Tom Redman: Look, I think that's a very good question. I don't think there's a script for leadership. I think it helps to know a little and not too much. And the reason it helps to not know too much is you get. Set in the ways we define problems and think about problems and attack them as opposed to if you don't know too much, then maybe go, eh, why are we doing that way?
I spend most of my time on, on data quality and and here's the sort of way most companies attack data quality. I mean it'll be sound a little funny, but it's really what happens is they make mistakes in one part of the organization that then they try to correct in another part of the organization.
and there's a cottage industry of tools to help identify errors better. And, we're seeing AI now and so forth. so one of the things that's, it'd really be good to do is ask, Well, gee, does that make any sense at all? Why don't we quit making so many errors in that first part of the organization, right?
Why don't we change the way we're going to attack, attack data quality and the more you have invested in the old way, the more difficult it is to ask that question and see that possibility. And I haven't run into an organization that is not an opportunity to say, we're going to change the way we attack data quality.

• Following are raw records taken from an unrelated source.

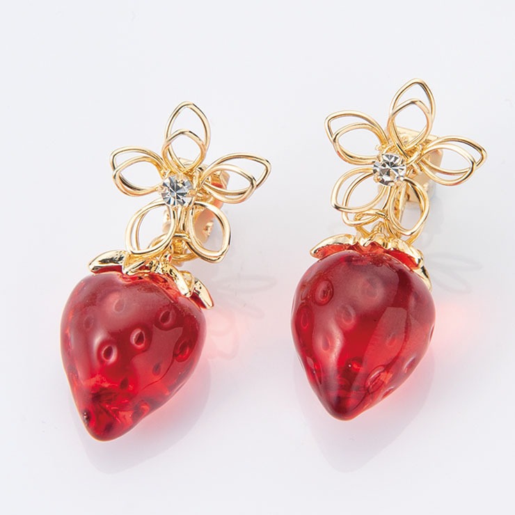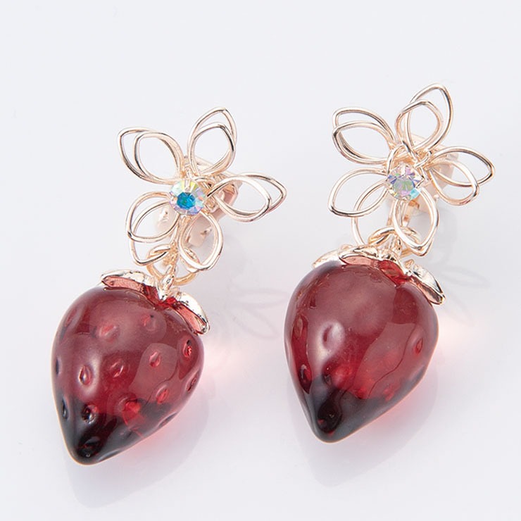 繊細なワイヤー細工のフラワーとぷっくりしたクリアカラーの苺との組み合わせが目を引きます!耳元で苺がゆらゆら揺れて、お顔周りをぱっと華やかに彩ってくれます♪
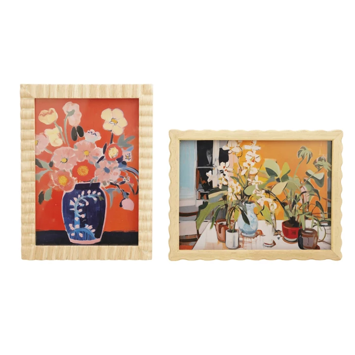 Charming wooden frames for photos or prints in two styles: ribbed texture or scalloped edge. Pair them or use them separately -- they sit or hang. Price is for one frame.
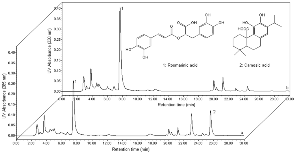 The mobile phase used was composed of acetonitrile (A) and 2% formic acid aqueous solution (B) using the following gradient elution program for separation: 0–10 min, 30% (A); 10–15 min, 30%–80% (A); 15–25 min, 80% (A); 25–30 min, 80%–30% (A). The flow rate used for chromatography was 1 mL/min, and the injection volume was 10 μL. The UV detection wavelengths were 285 nm for carnosic acid and 330 nm for rosmarinic acid, the column temperature was ambient and the running time was 30 min. For standard sample solution, various amounts of carnosic acid and rosmarinic acid were dissolved in methanol to yield the stock solutions at concentration of 20 and 2 mg/mL, respectively. The retention times of carnosic acid and rosmarinic acid were 25.8 and 7.7 min, respectively. Under these conditions, the two phenolcarboxylic acids were resolved sufficiently to give baseline separation. Carnosic acid and rosmarinic acid were identified by comparing their retention times with standard solutions.
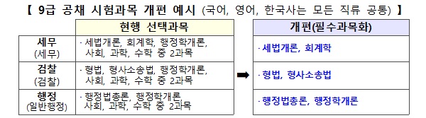 한편, 올해부터는 신규자의 직무역량과 대국민 행정서비스의 품질 향상을 위해 9급 공채 시험과목에서 행정학 등 직류별 전문과목이 필수화된다.
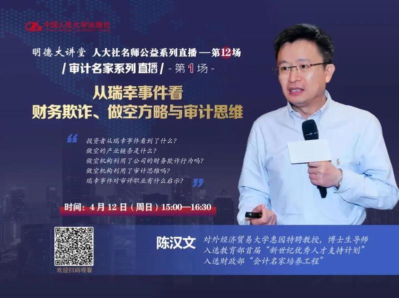 讲座主题:从瑞幸事件看财务欺诈、做空方略与审计思维
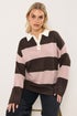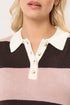 Yours Curve Pink Striped Rugby Collar Jumper
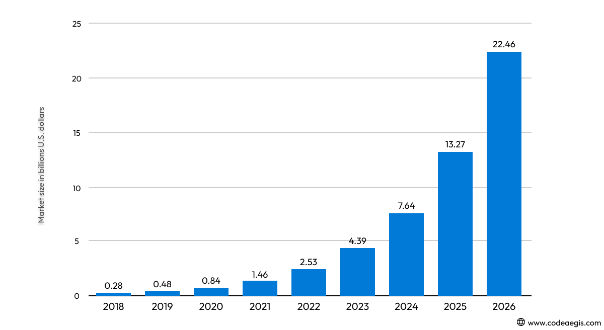 The estimated market size for blockchain solutions in the banking system and financial institutions was $0.28 billion in 2018. However, it is projected that the utilization of blockchain technology within the financial sector will experience significant growth in the coming years, with a forecasted market size of around $22.5 billion by 2026.
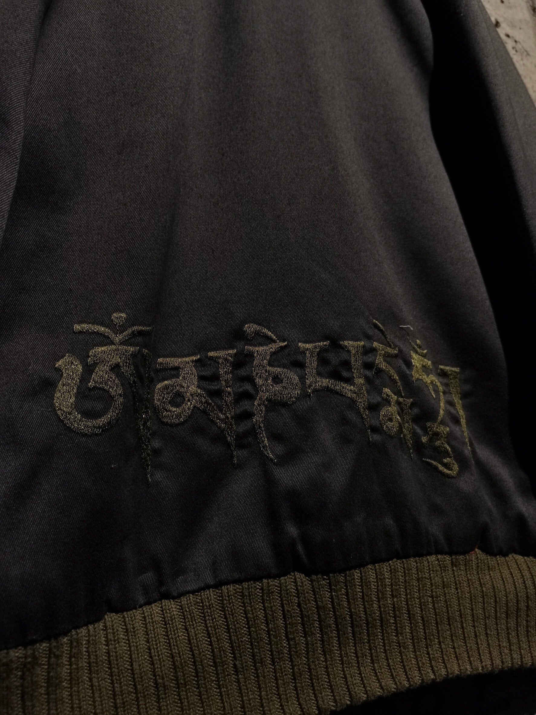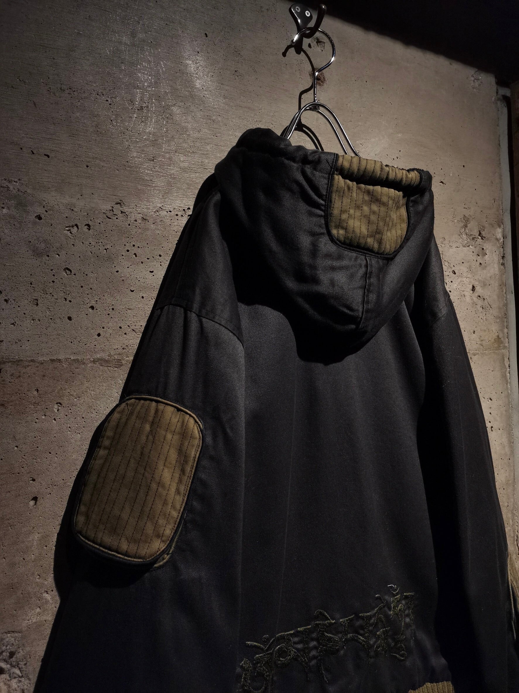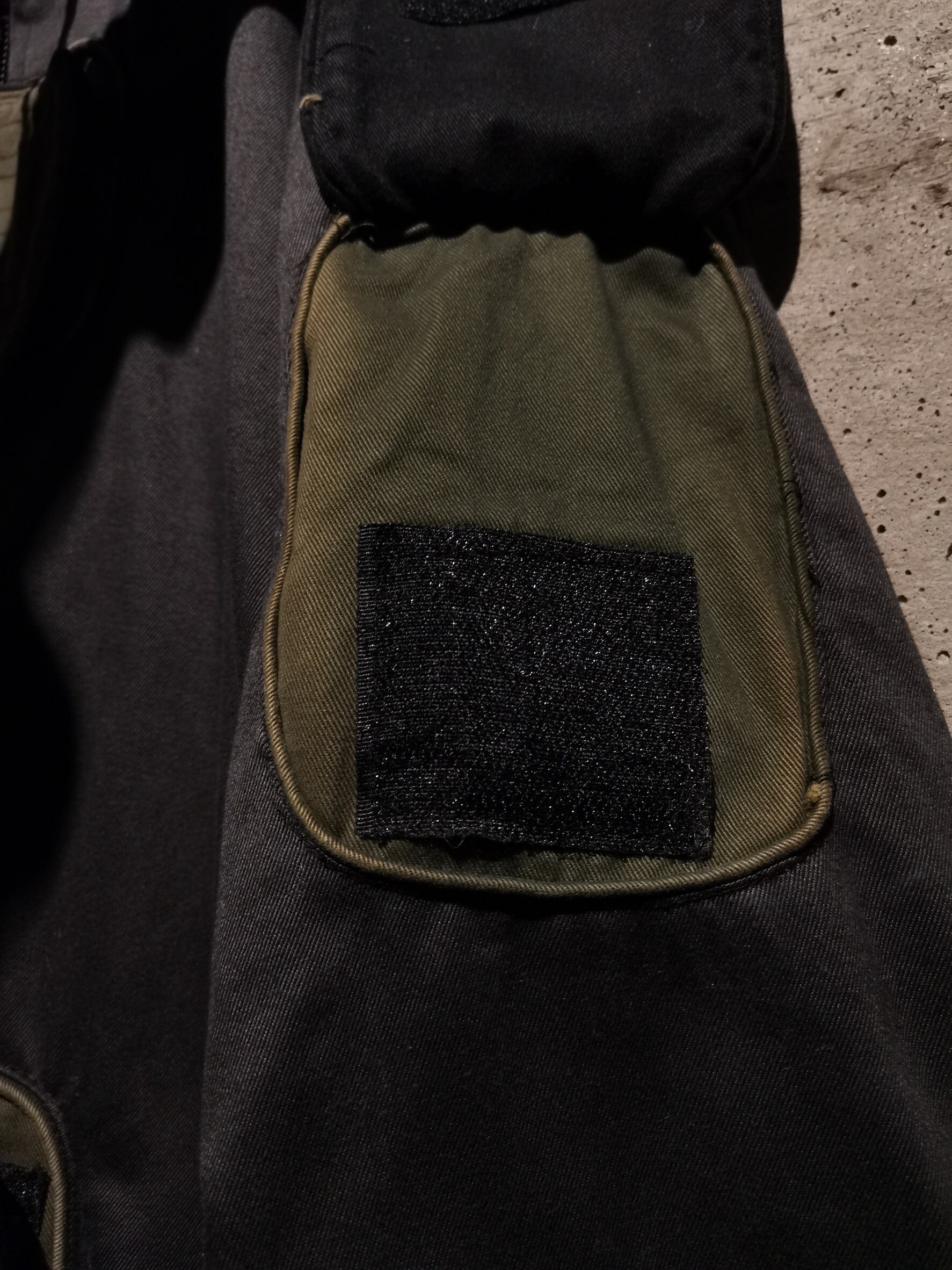 フロントやアームの随所にベルクロのギミック、アシンメトリーなフロントジップ、背面の刺繍デザイン等を施したジャケット。

You don't have to do the whole company at once. And in fact, by the way, this is what leaders do is they start in one small part of the organization and they develop a success. They have an idea.
Loris Marini: Uh
Tom Redman: a part of the organization, willing to try it with them.
They work on it, they demonstrate success. They have a simple before picture and after picture, and by the way they they're not running around carrying signs and complaining about how broken the organization is or anything. In step one.

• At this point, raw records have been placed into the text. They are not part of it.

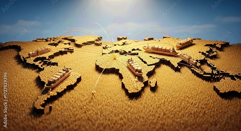 Global grain shipping routes, cargo vessels moving across world map, symbolizing international wheat trade, agricultural commodity logistics, and supply chains, clear blue sky above. #1727829396
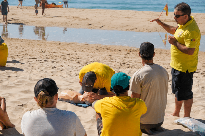 The expanded format is designed for those who completed the basic Surf & Rescue course since 2020. This year, it includes INEM certification in Basic Life Support with Defibrillator and encourages the installation of life-saving equipment such as AEDs in surf schools.
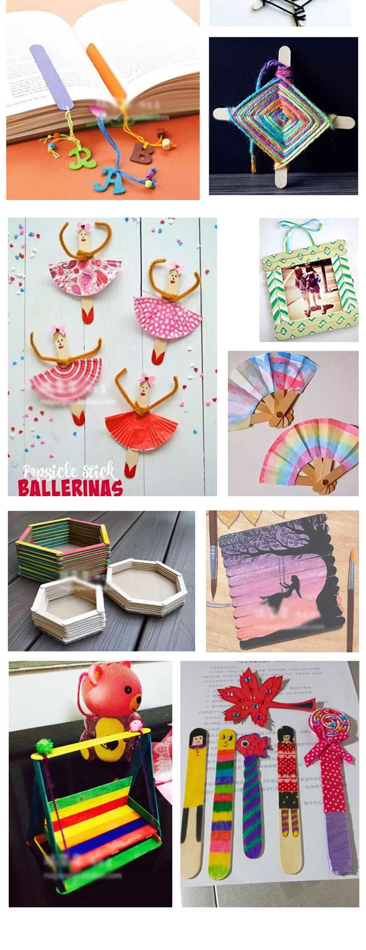 어린이 손으로 만든 아이스크림 스틱 나무 스트립 유치원 DIY 손으로 붙여 넣은 창조적 인 예술 장난감 모델 소재스토어 가기
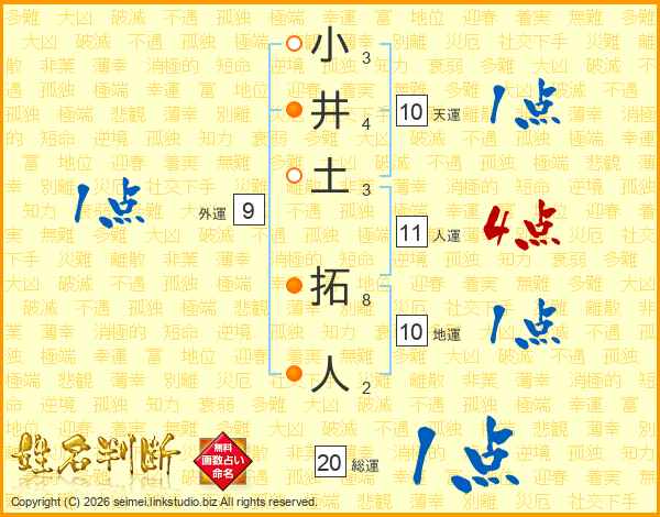 小(3画)井(4画)土(3画) 拓(8画)人(2画)
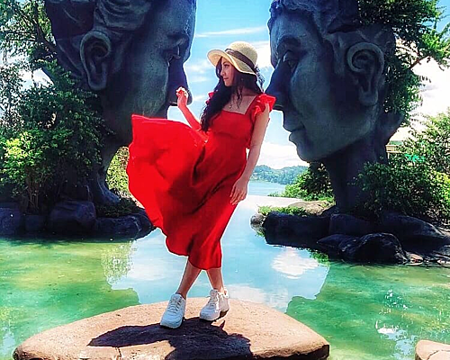 Dù mới đưa vào hoạt động nhưng hồ Vô Cực đã thu hút đông đảo du khách vào những dịp cuối tuần, đặc biệt là các cặp đôi tới đây chụp ảnh. Để chụp được một bức hình có background "sạch", có lẽ bạn còn phải canh rất lâu. Ảnh: _tranthaovy_
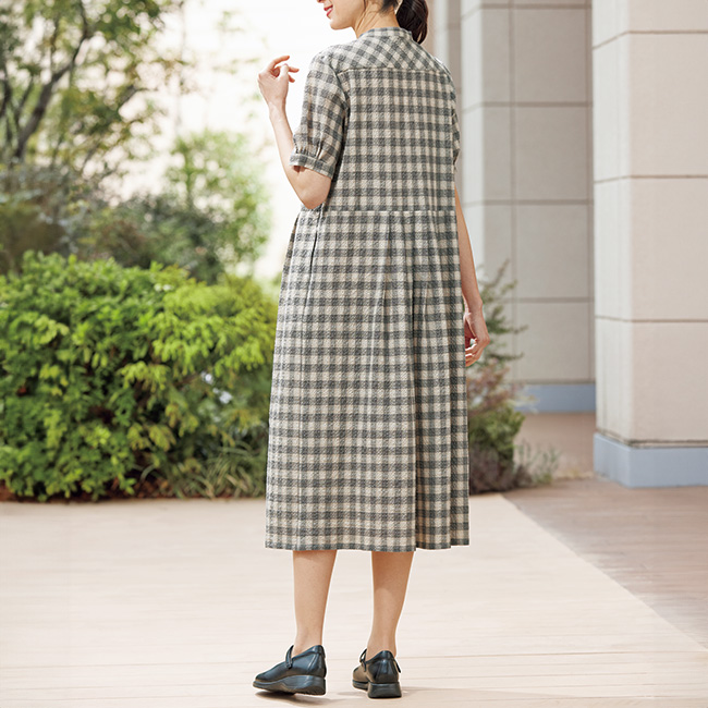- 大人の可愛らしさが薫り立つ格子柄のプリントワンピース。ミラクルウェーブ加工を施した生地は表面に凹凸があり、肌離れがよく着心地は涼やかです。ウエスト切り替え下のタックからふんわりと広がるシルエットは、共布のリボンでメリハリをつけられるのも魅力。前面ファスナーがウエストの下まで開いて着脱しやすいのも嬉しいポイント。首元をすっきりと見せるマオカラーに二の腕が隠れる長めの半袖など、細部までこだわった一着です。

They're simply making things better. And then those who make things better and say, look at this, here is a script that the rest of the organization can follow. Those people are leaders, right? Those people are leaders. And they are so important. I suspect they're important in everything, but in the data space.
They are so important that I give them a special tie to provocateur, right? They
Loris Marini: Right. Tell me.
Tom Redman: provoked the organization right by demonstrating that there is a better way. Now by the way, there's a lot of people who complain about how poorly companies are run or how right, this or that is, is dumb, but don't have the courage to actually go out and create a success story.
Go through all the pain of creating a success story and demonstrate it on their own. And believe me, it takes real courage.
Loris Marini: Yeah. And it takes real work, as well. And the thing is, it's not transferable, at least in my experience. Like you, when you join a new organization, you might have a, fantastic resume. You go in, you. Interview and they give you a job, and the first few weeks you're onboarding, then you start working on the actual projects and you are still running on borrowed trust.
The business believes there is a, there's a reasonable probability that you will indeed succeed, that you will deliver in improving systems and improving that. The overall data quality, making, systems smoother, more reliable, whatever it is that you're trying to do, but, It's not until you demonstrate that you can actually do it, not technically, but that people adopt your solution.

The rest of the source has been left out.